Put simply, the motive for "Moral and National Education" was the sense that Hong Kongers did not identify closely enough wtih Mainland China. Put simply, if one refuses to undergo national education, is one still Chinese? A poll conducted by the University of Hong Kong earlier this year suggests that only 17% of all Hong Kongers consider themselves "Chinese." The survey is controversial. But the Beijing authorities are unhappy with the figure. The anxiety felt by Mainland officials In Hong Kong can be imagined.

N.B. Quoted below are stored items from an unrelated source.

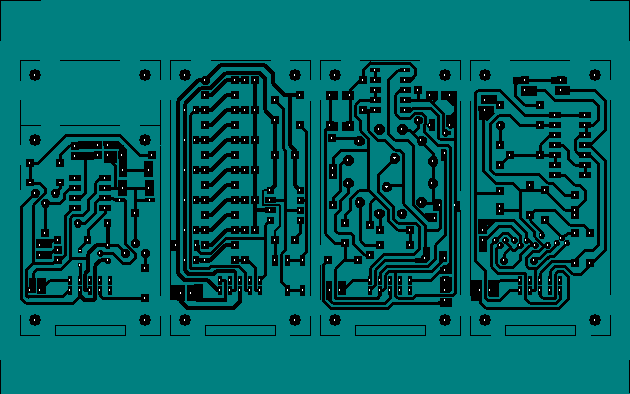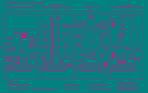 Die Platinen-Layouts der einzelnen Baugruppen wurden ebenfalls auf einer Europlatine 100 x 160 mm belichtet und geätzt. Sie können später ausgeschnitten und in anderer Reihenfolge oder auch vertikal übereinander montiert werden, je nach gewähltem Gehäuse. Zur Verbindung ist die Basisplatine nicht mehr unbedingt erforderlich. Es genügt ein einziges Flachbandkabel mit mehreren Pfostensteckerabgriffen. (ähnlich einem Festplatten-Kabel) Bild 3: Gesamtplatine Bohrlöcher: 0,8 mm alle vorbohren, 0,9 mm Schalter, Stifte, Jumper, Wannenstecker, 1,0 mm Dioden, 1,2 mm Trimmer, 1,3 mm Drehschalter, 3,0 mm Eckbefestigungen (alles übrige 0,8 mm)
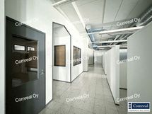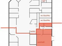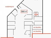 Katutason tila on jaettu kahteen osaan väliseinällä mutta seinä on mahdollista poistaa. Koko kerroksen pinta-ala on 1080 m2. 580 m2 - kaksi sisäänkäyntiä - 10 eri kokoista työhuonetta - avotilaa - avotoimistoa - 2 pukuhuonetta jossa suihkut ja wc 480 m2 - enimmäkseen avotilaa - 4 kpl työhuoneita - neuvotteluhuone - keittiövaraus Tila on mahdollista vuokrata osissa tai kokonaan.
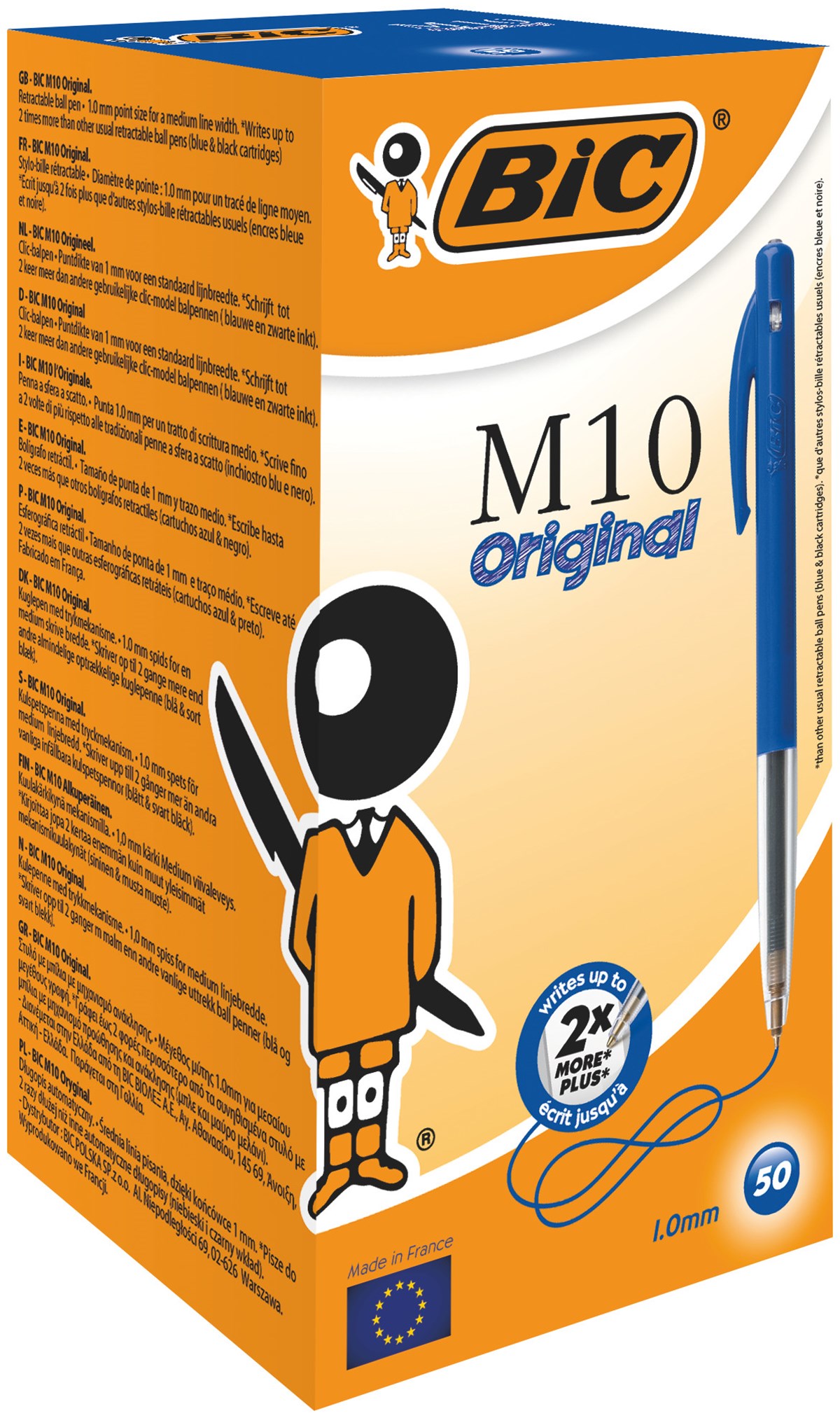 Klassisk kulspetspenna med tryckmekanism på sidan och räfflor runt greppet. Bläck i samma färg som pennkroppen. Kulbredd 1,0 mm, skrivbredd 0,4 mm. Skrivlängd ca 2000 m. Dokumentäkta bläck enligt ISO 12757-1 och 12757-2.
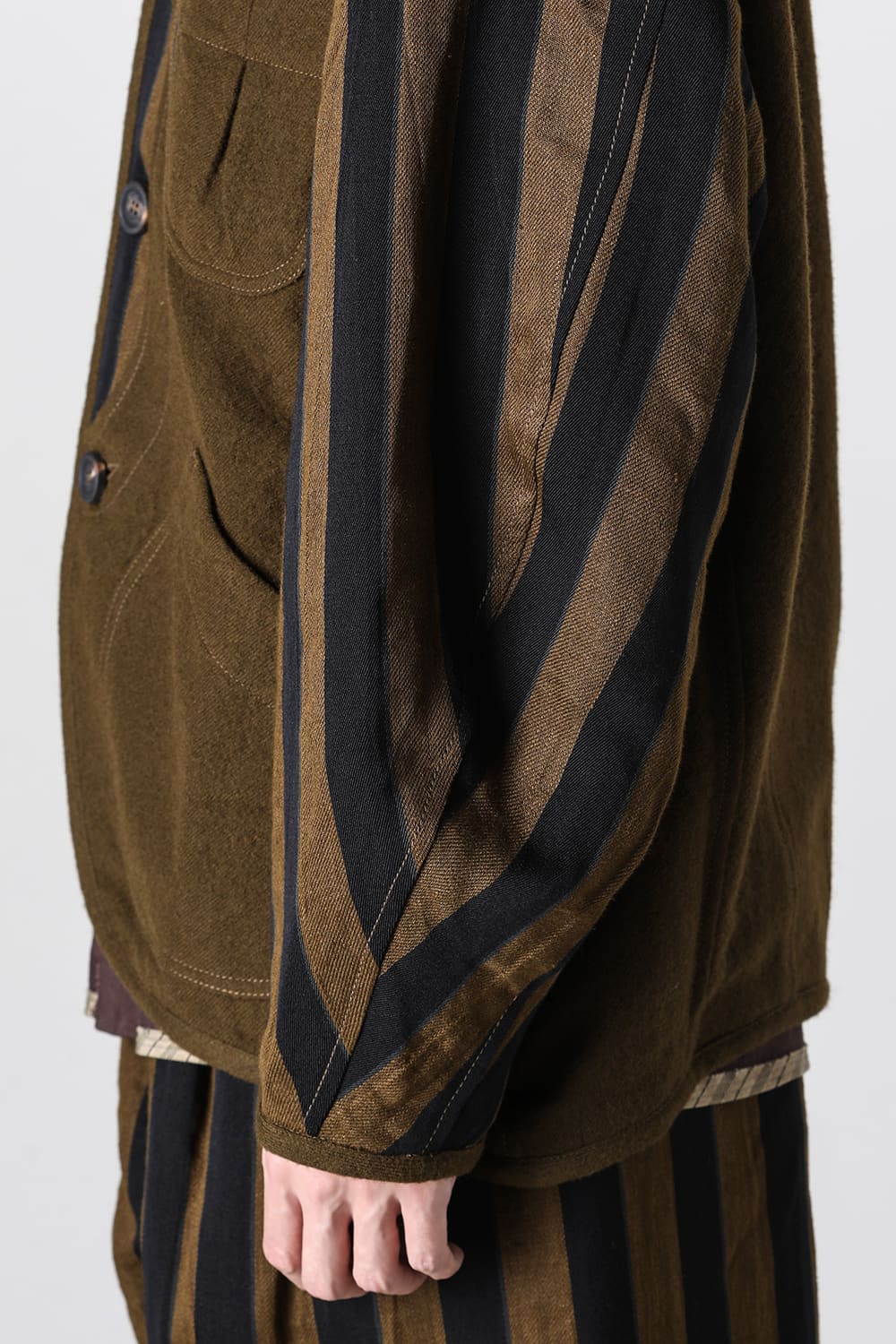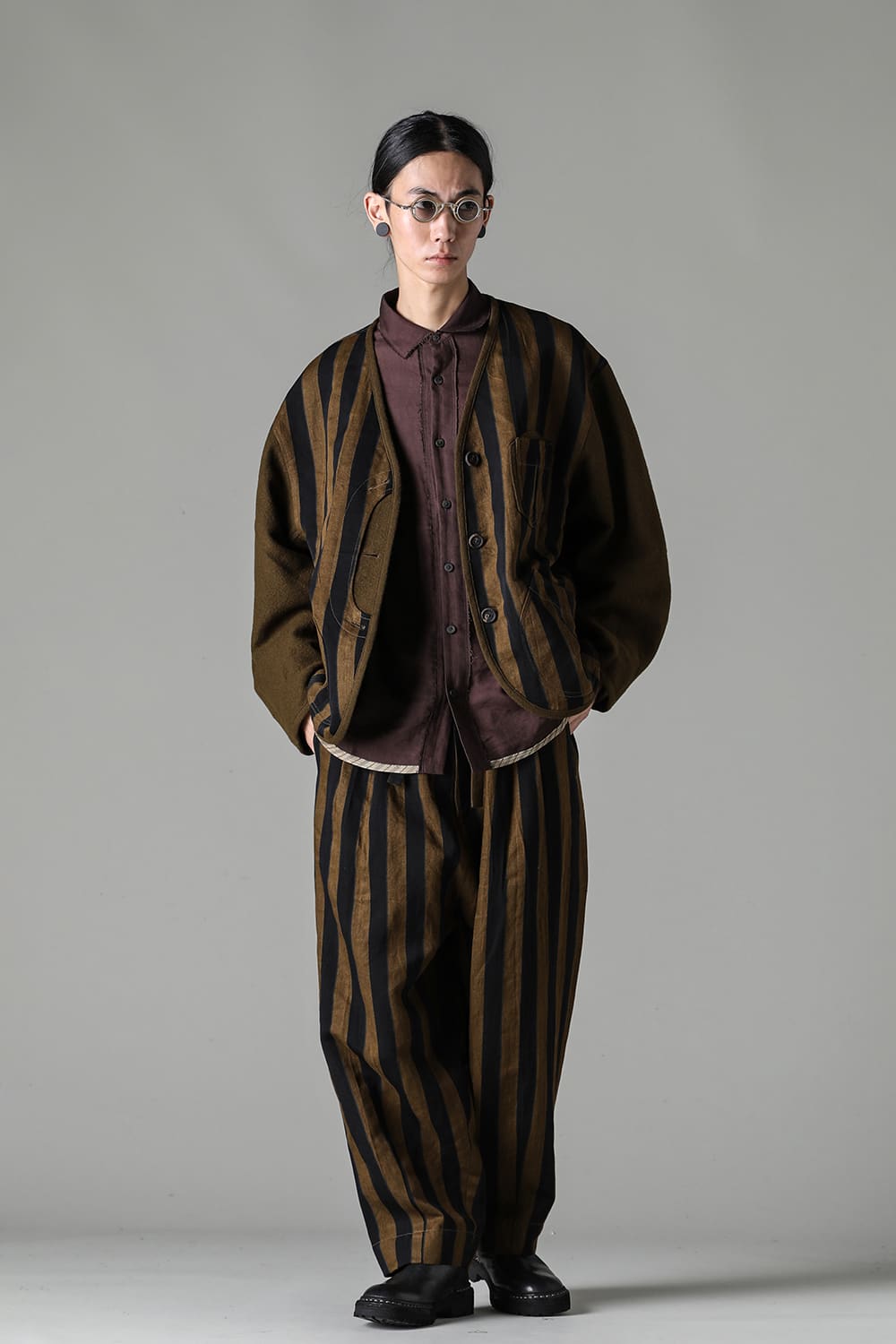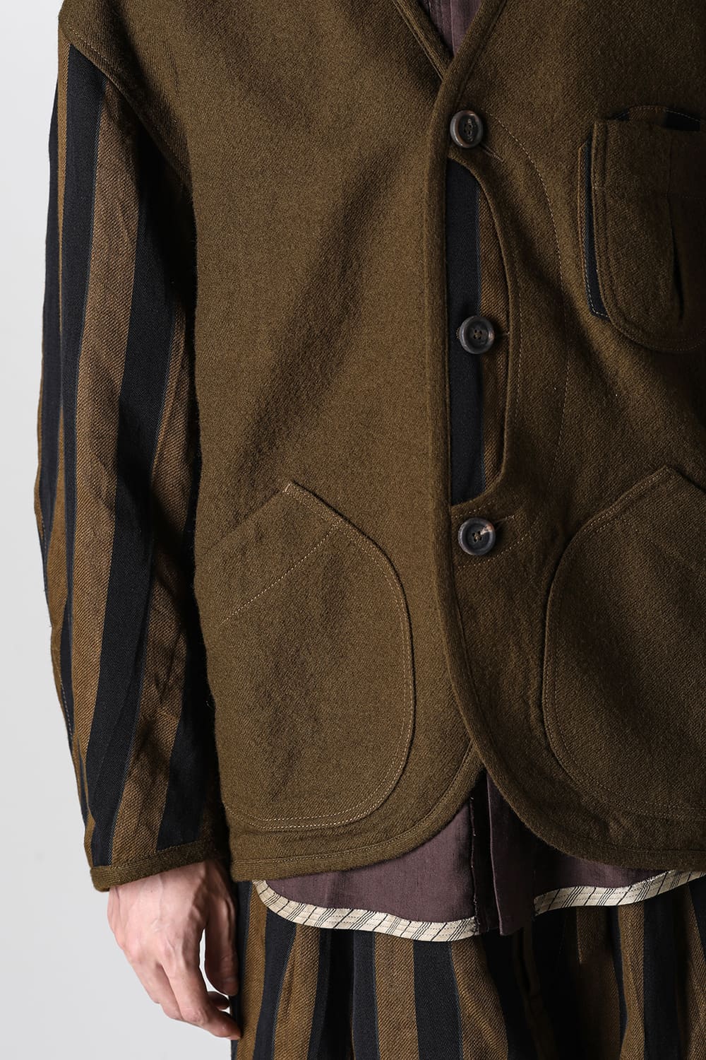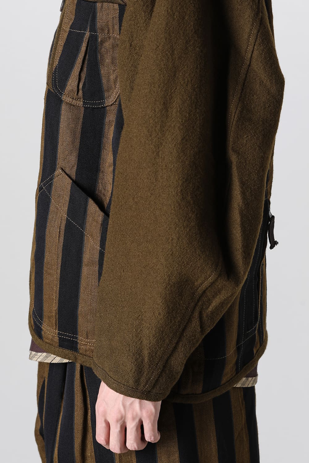 Collarless reversible jacket features V-neck neckline and striped fabric used throughout.
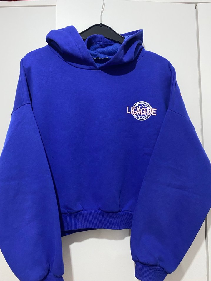 Mavi renkli, uzun kollu ve bol kesim kadın sweatshirtü.Ürün temiz hiçbir deformesi yoktur oversize kısa sweat
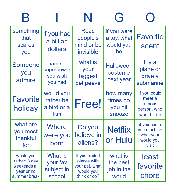 This bingo card has a free space and 24 words: Where were you born, What is your fav subject in school, what is your biggest pet peeve, would you rather: 3 day weekends all year or no summer break, Favorite scent, something that scares you, Someone you admire, if you had a billion dollars, how many times do you hit snooze, Do you believe in aliens?, Halloween costume next year, Favorite holiday, Netflix or Hulu, if you had a time machine, what year would you visit, name a superpower you wish you had, what is the best job in the world, if you could meet a famous person, who would it be, Read people's mind or be invisible, Fly a plane or drive a submarine, would you rather be a bird or a fish, least favorite chore, what are you most thankful for, if you were a toy, what would you be and If you traded places with your pet, what would you think or do?.
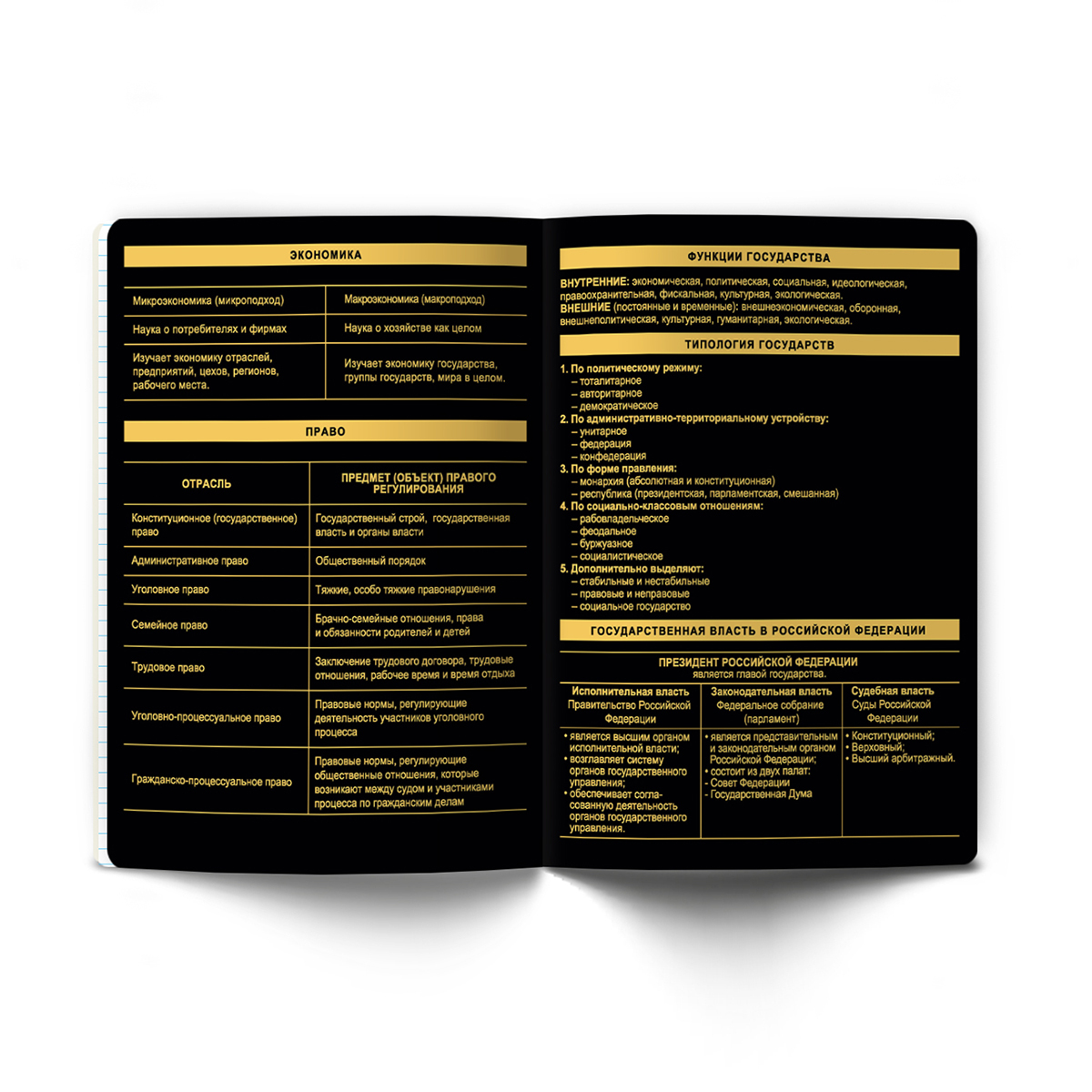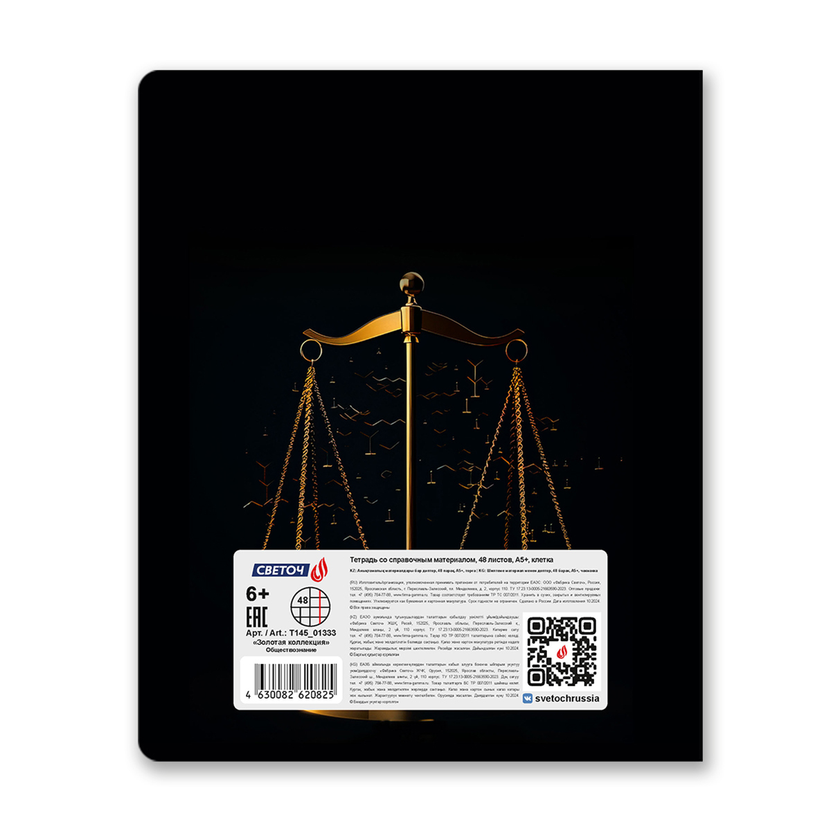 Тетрадь со справочным материалом Золотая коллекция, тиснение золотой фольгой, A5+ 48 л. на скобе 65 г/м², белизна 100 %, 10 шт, клетка, 01333 Золотая коллекция Обществознание, Светоч Т145
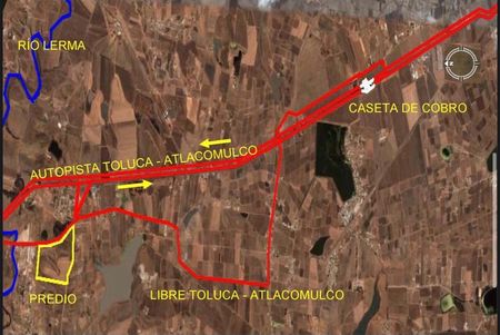 Terreno ubicado a 16 km de Toluca, 20 km de Metepec, 58 km de Reforma y 72 km del zócalo de la CDMX.
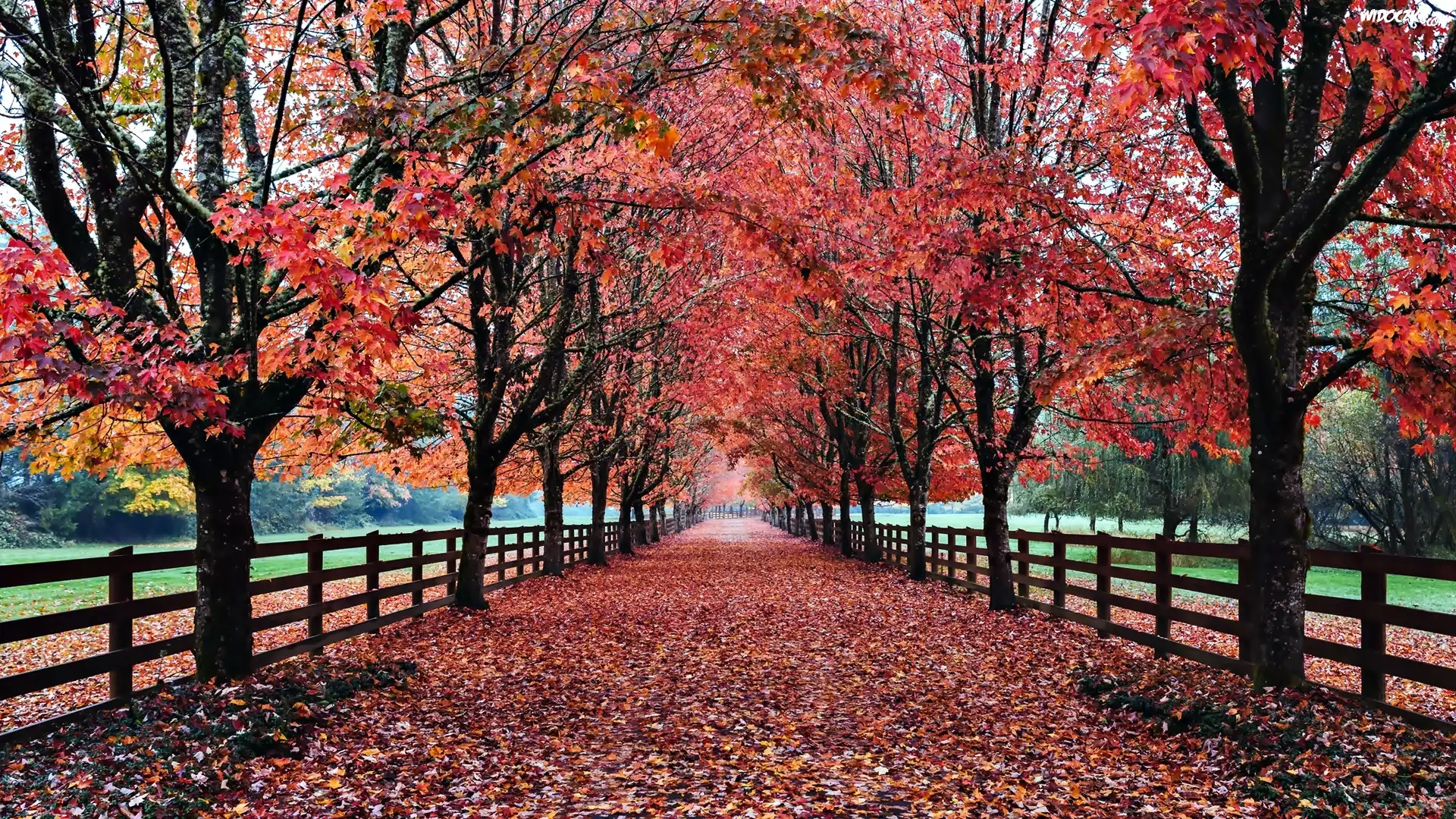 Jesień, Park, Aleja, Drzewa, Ogrodzenie, Liście
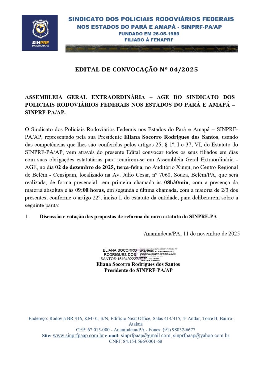 ASSEMBLEIA GERAL EXTRAORDINÁRIA – AGE DO SINDICATO DOS POLICIAIS RODOV...

The notion that as citizens, one ought to accept National Education is superficially plausible. But Hong Kong primary and secondary schools have long included civics and social studies classes. When it comes to social order and social ethics, can anyone really argue that Hong Kongers take a back seat to Mainlanders? Hong Kong was returned to China fifteen years ago. Does anyone still doubt Hong Kongers' Chinese identity? Is it really necessary to impose outdated notions of patriotism and nationalism on the next generation? Is this progress or retrogression?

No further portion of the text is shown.